Data entries:
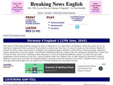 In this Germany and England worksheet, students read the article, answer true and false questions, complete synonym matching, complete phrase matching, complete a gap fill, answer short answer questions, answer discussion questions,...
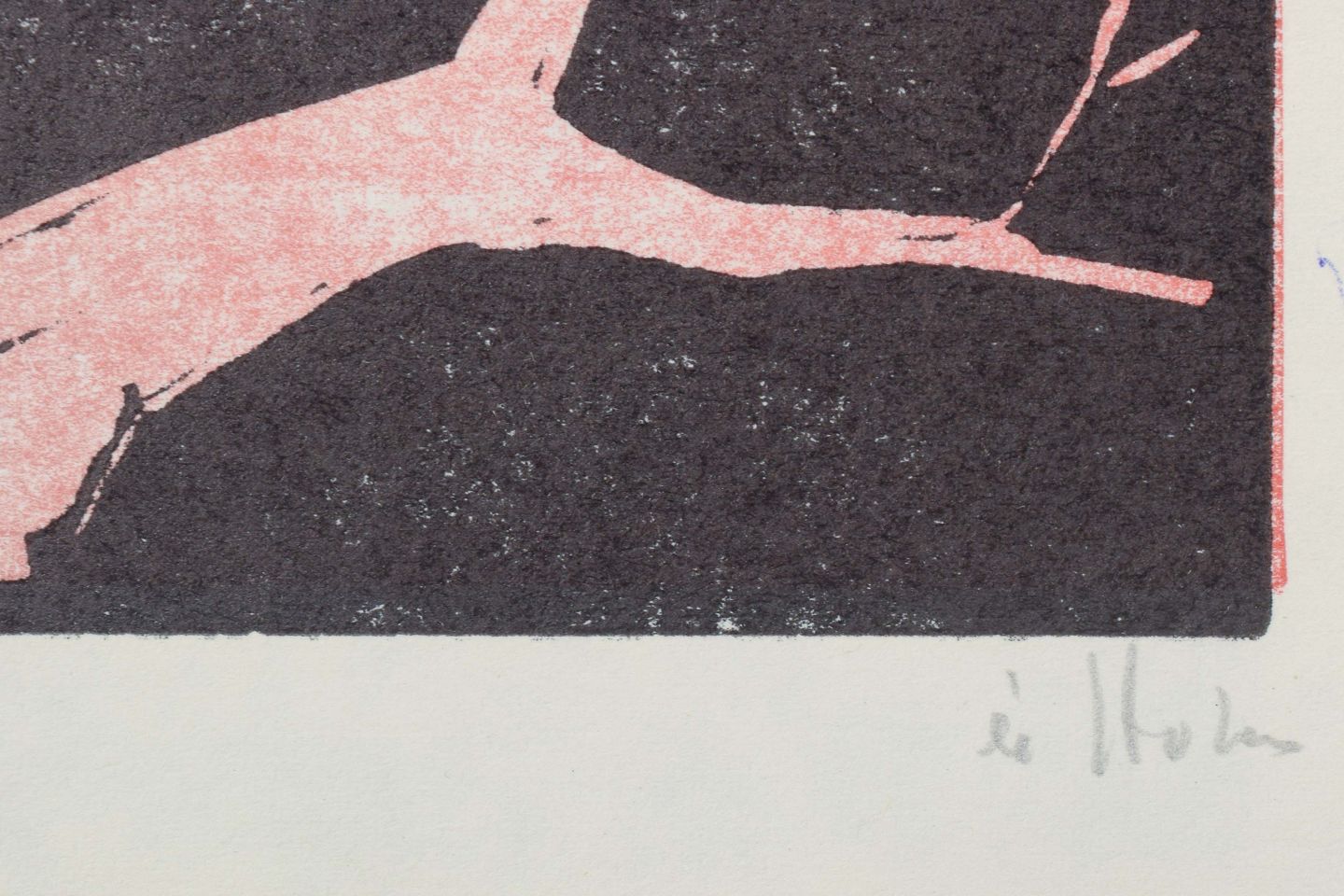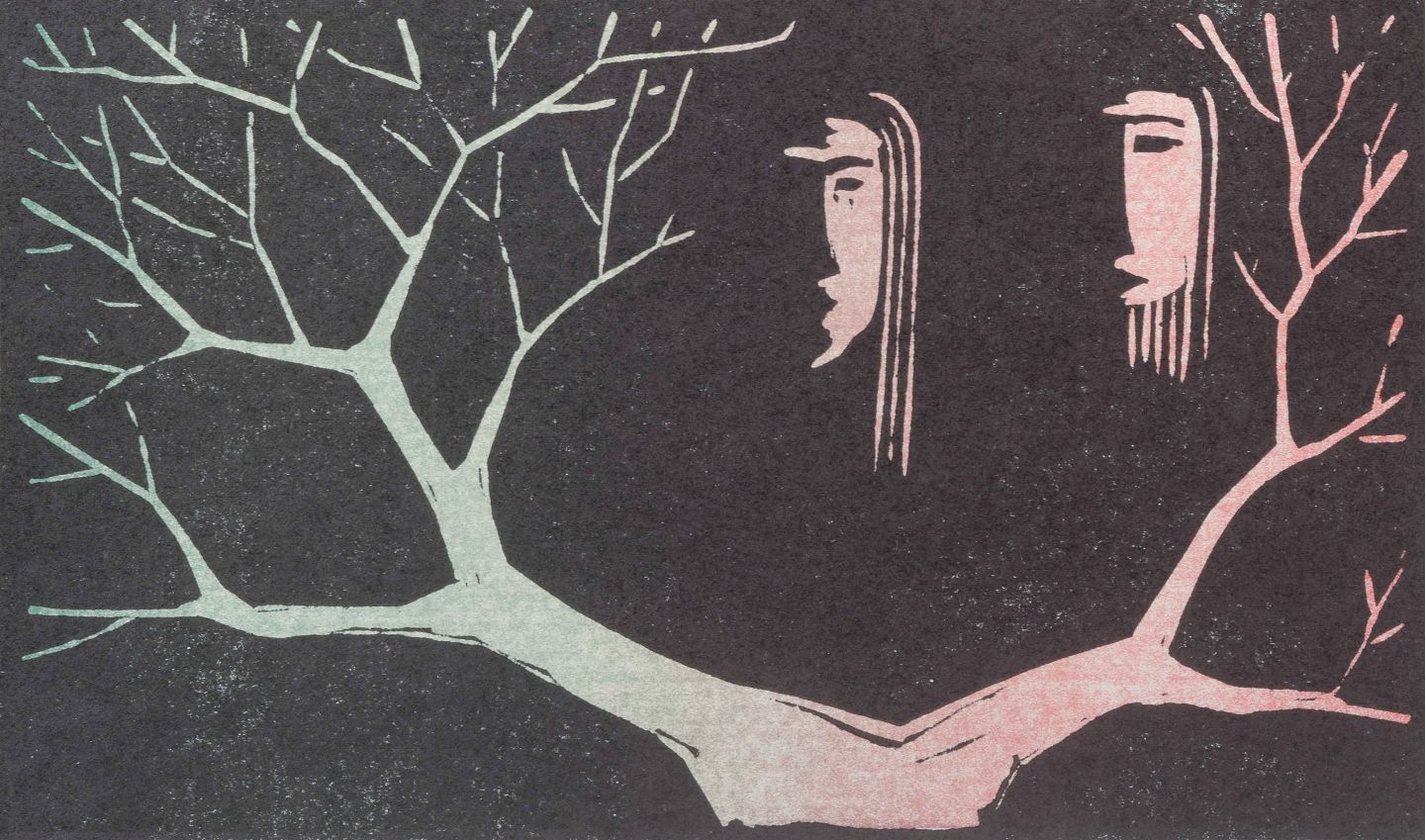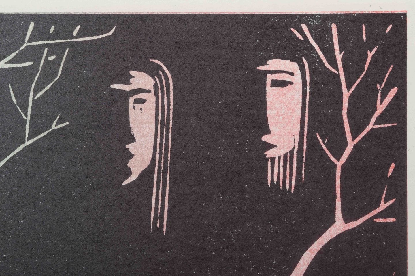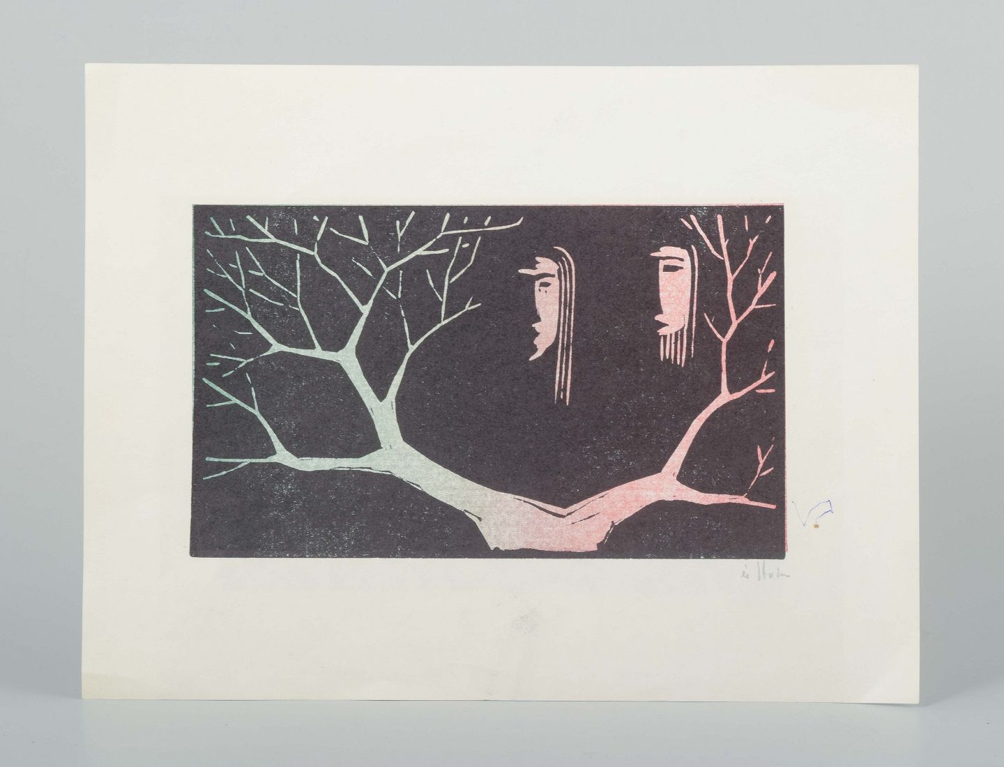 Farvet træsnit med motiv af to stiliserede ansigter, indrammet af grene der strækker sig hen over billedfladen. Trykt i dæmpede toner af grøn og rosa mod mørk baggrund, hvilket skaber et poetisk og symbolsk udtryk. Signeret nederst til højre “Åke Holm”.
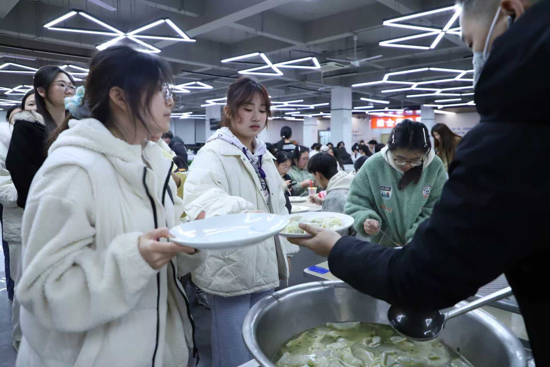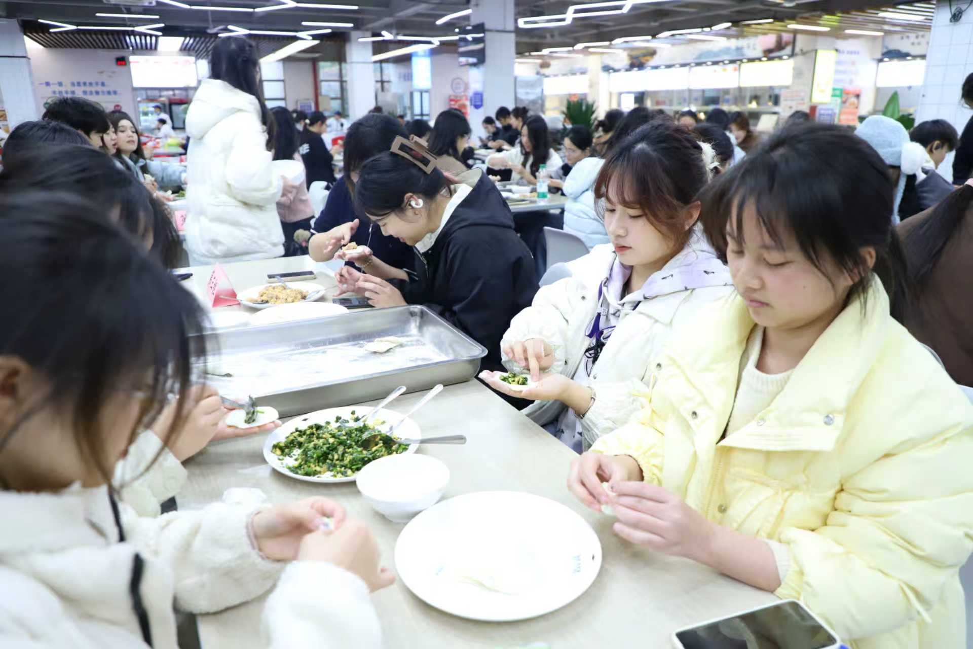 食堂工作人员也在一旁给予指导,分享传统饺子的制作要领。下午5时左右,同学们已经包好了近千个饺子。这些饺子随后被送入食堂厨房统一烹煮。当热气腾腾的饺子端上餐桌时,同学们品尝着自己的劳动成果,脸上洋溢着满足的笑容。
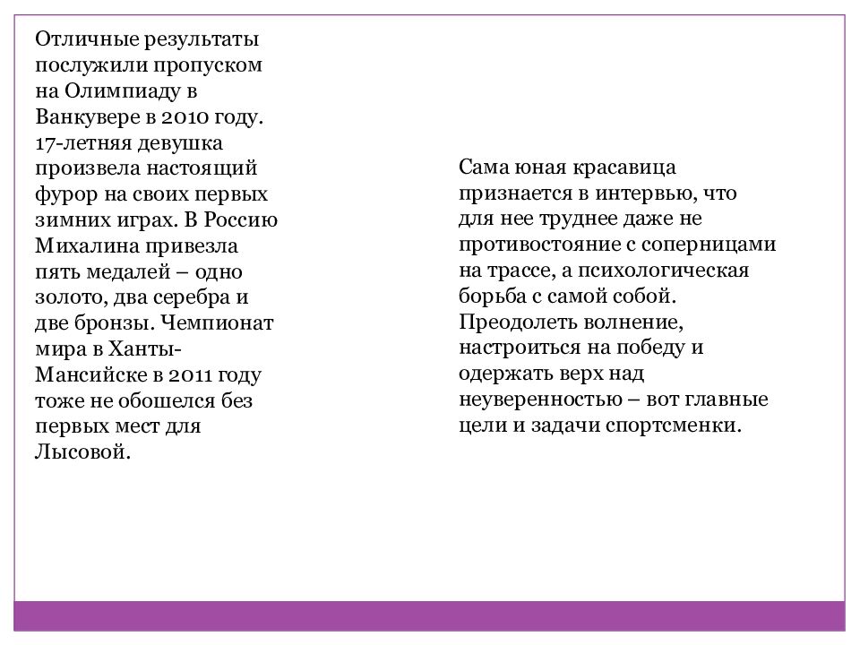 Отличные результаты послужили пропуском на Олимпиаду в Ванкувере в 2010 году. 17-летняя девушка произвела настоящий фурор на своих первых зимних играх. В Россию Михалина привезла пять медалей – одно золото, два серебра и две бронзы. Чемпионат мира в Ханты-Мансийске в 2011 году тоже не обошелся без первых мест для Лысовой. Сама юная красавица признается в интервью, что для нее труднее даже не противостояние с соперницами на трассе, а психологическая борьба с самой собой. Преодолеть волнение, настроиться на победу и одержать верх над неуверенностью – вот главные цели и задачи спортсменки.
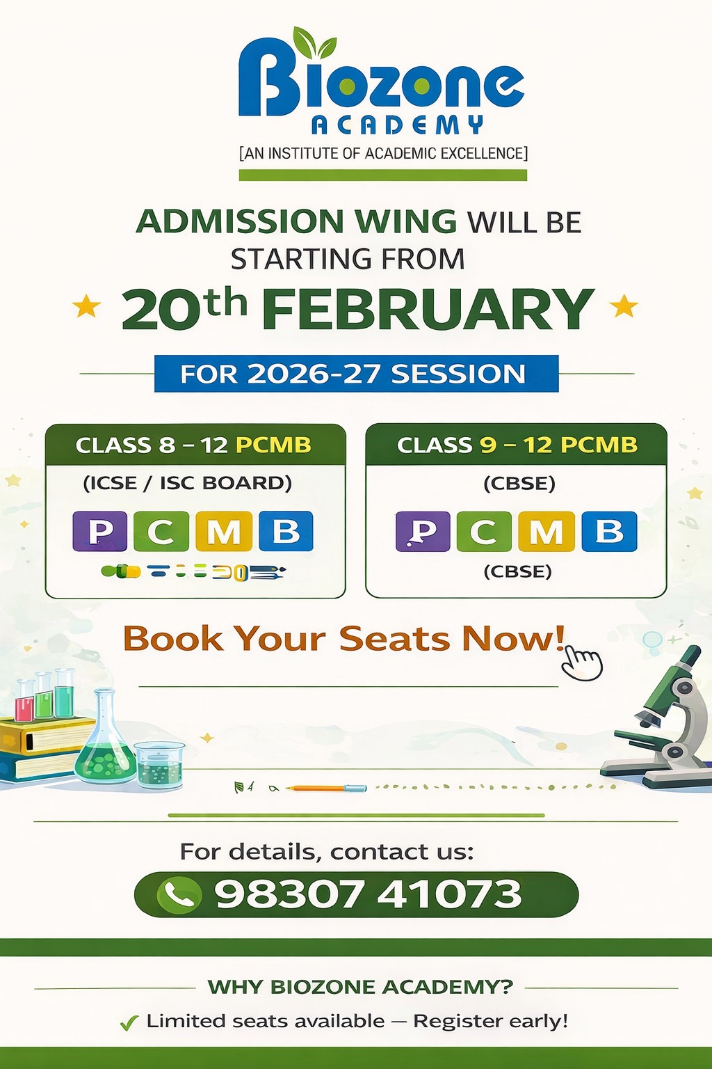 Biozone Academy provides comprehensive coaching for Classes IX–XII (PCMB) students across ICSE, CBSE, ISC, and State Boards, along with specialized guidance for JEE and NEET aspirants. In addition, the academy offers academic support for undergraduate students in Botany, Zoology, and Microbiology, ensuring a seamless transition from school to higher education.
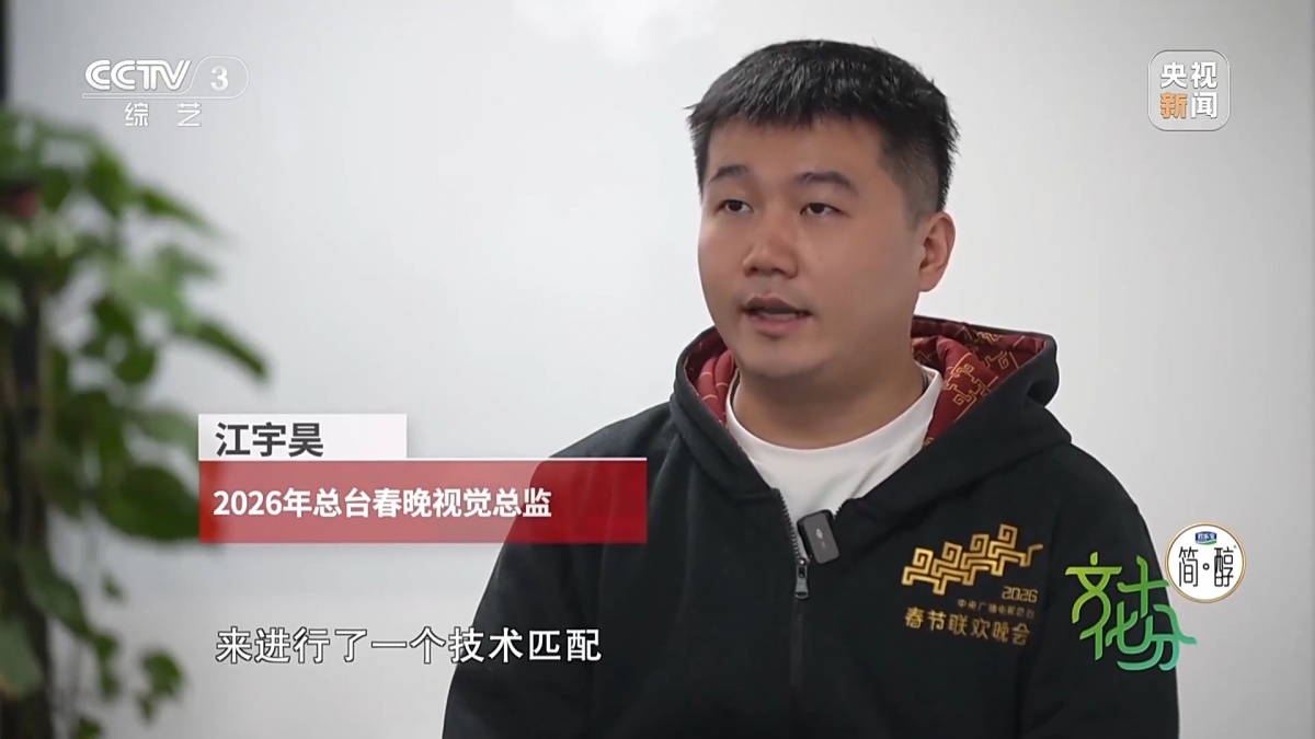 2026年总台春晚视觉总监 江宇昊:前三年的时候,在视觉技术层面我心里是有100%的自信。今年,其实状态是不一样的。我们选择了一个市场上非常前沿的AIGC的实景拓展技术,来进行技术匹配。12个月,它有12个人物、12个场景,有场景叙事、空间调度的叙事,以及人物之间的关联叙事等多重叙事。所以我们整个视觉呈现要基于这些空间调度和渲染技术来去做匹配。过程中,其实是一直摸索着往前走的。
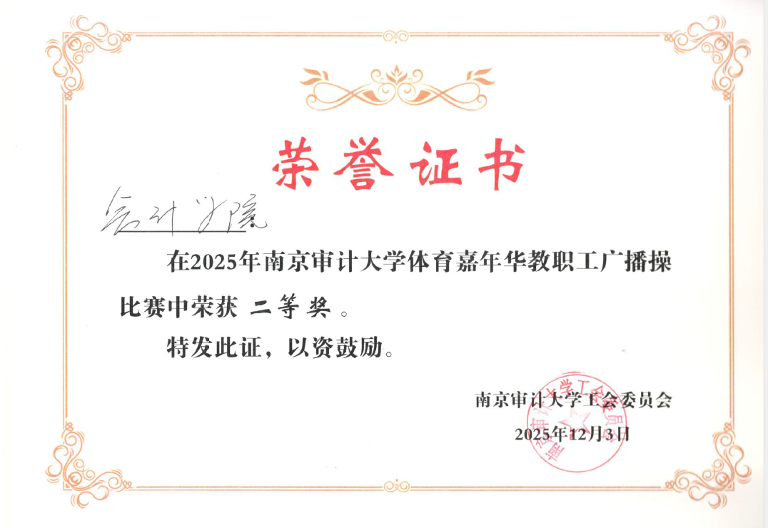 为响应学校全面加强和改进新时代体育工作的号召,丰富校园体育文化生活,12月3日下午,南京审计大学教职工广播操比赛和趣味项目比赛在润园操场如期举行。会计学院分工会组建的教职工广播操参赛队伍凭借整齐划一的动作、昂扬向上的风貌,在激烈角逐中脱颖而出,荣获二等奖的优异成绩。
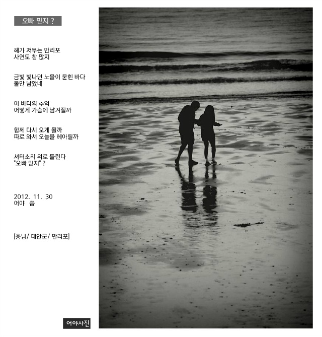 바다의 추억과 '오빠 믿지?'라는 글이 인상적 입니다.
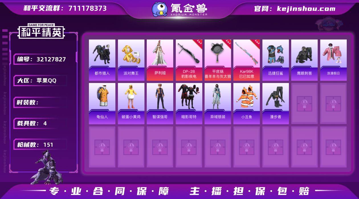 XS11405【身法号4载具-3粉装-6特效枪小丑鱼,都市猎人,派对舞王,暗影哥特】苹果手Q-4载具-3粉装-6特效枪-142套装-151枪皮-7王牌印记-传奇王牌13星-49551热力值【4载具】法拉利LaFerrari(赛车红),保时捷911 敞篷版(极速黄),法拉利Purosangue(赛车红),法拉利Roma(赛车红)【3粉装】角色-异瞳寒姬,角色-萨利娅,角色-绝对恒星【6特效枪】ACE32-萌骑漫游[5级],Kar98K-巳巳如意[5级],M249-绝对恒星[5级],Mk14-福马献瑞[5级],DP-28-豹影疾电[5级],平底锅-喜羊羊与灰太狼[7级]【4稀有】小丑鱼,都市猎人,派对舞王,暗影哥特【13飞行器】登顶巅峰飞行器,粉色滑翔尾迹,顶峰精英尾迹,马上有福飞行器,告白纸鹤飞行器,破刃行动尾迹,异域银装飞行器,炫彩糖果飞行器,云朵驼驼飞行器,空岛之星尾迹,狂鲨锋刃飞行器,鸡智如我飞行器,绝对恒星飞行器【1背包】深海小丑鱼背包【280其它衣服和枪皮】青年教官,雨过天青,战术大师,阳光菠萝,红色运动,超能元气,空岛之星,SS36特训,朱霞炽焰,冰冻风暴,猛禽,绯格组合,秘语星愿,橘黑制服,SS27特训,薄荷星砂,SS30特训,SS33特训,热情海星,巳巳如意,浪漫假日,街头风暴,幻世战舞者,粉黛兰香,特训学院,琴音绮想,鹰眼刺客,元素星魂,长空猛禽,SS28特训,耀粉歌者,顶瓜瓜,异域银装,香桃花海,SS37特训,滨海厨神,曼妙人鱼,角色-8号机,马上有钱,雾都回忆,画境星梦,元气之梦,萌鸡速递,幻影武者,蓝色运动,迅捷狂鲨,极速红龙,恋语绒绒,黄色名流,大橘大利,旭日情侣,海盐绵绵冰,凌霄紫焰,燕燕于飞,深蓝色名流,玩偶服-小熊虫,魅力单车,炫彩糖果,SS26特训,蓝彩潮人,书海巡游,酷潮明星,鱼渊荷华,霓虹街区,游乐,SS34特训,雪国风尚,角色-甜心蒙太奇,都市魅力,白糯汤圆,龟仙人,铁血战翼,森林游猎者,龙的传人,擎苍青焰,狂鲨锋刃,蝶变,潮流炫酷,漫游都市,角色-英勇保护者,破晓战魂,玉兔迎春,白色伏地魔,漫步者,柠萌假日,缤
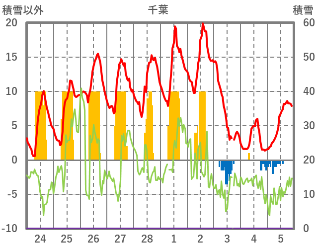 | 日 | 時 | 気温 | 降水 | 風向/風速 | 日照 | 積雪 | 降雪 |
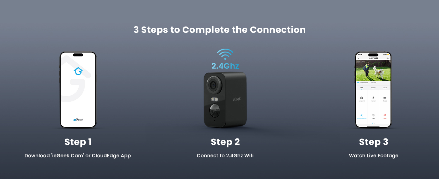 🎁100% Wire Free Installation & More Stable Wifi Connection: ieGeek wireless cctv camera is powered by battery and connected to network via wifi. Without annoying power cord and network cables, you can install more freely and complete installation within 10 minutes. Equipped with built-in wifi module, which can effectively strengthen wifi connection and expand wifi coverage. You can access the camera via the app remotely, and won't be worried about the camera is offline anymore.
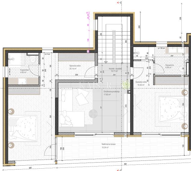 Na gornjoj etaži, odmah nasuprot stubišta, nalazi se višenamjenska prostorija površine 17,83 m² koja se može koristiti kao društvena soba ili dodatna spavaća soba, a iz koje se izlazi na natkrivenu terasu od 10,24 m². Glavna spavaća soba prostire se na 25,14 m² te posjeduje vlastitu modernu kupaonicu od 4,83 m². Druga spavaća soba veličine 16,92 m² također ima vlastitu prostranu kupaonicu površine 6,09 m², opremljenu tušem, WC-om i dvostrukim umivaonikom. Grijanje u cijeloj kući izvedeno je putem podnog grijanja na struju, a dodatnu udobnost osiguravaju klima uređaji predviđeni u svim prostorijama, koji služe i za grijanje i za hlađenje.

YOUR TASK — Copy only the part of the records that runs from the first line to the line with "바다의 추억과 '오빠 믿지?'라는 글이 인상적 입니다.", ends included, leaving pictures out.

EXPECTED ANSWER —
 In this Germany and England worksheet, students read the article, answer true and false questions, complete synonym matching, complete phrase matching, complete a gap fill, answer short answer questions, answer discussion questions,...
 Farvet træsnit med motiv af to stiliserede ansigter, indrammet af grene der strækker sig hen over billedfladen. Trykt i dæmpede toner af grøn og rosa mod mørk baggrund, hvilket skaber et poetisk og symbolsk udtryk. Signeret nederst til højre “Åke Holm”.
 食堂工作人员也在一旁给予指导,分享传统饺子的制作要领。下午5时左右,同学们已经包好了近千个饺子。这些饺子随后被送入食堂厨房统一烹煮。当热气腾腾的饺子端上餐桌时,同学们品尝着自己的劳动成果,脸上洋溢着满足的笑容。
 Отличные результаты послужили пропуском на Олимпиаду в Ванкувере в 2010 году. 17-летняя девушка произвела настоящий фурор на своих первых зимних играх. В Россию Михалина привезла пять медалей – одно золото, два серебра и две бронзы. Чемпионат мира в Ханты-Мансийске в 2011 году тоже не обошелся без первых мест для Лысовой. Сама юная красавица признается в интервью, что для нее труднее даже не противостояние с соперницами на трассе, а психологическая борьба с самой собой. Преодолеть волнение, настроиться на победу и одержать верх над неуверенностью – вот главные цели и задачи спортсменки.
 Biozone Academy provides comprehensive coaching for Classes IX–XII (PCMB) students across ICSE, CBSE, ISC, and State Boards, along with specialized guidance for JEE and NEET aspirants. In addition, the academy offers academic support for undergraduate students in Botany, Zoology, and Microbiology, ensuring a seamless transition from school to higher education.
 2026年总台春晚视觉总监 江宇昊:前三年的时候,在视觉技术层面我心里是有100%的自信。今年,其实状态是不一样的。我们选择了一个市场上非常前沿的AIGC的实景拓展技术,来进行技术匹配。12个月,它有12个人物、12个场景,有场景叙事、空间调度的叙事,以及人物之间的关联叙事等多重叙事。所以我们整个视觉呈现要基于这些空间调度和渲染技术来去做匹配。过程中,其实是一直摸索着往前走的。
 为响应学校全面加强和改进新时代体育工作的号召,丰富校园体育文化生活,12月3日下午,南京审计大学教职工广播操比赛和趣味项目比赛在润园操场如期举行。会计学院分工会组建的教职工广播操参赛队伍凭借整齐划一的动作、昂扬向上的风貌,在激烈角逐中脱颖而出,荣获二等奖的优异成绩。
 바다의 추억과 '오빠 믿지?'라는 글이 인상적 입니다.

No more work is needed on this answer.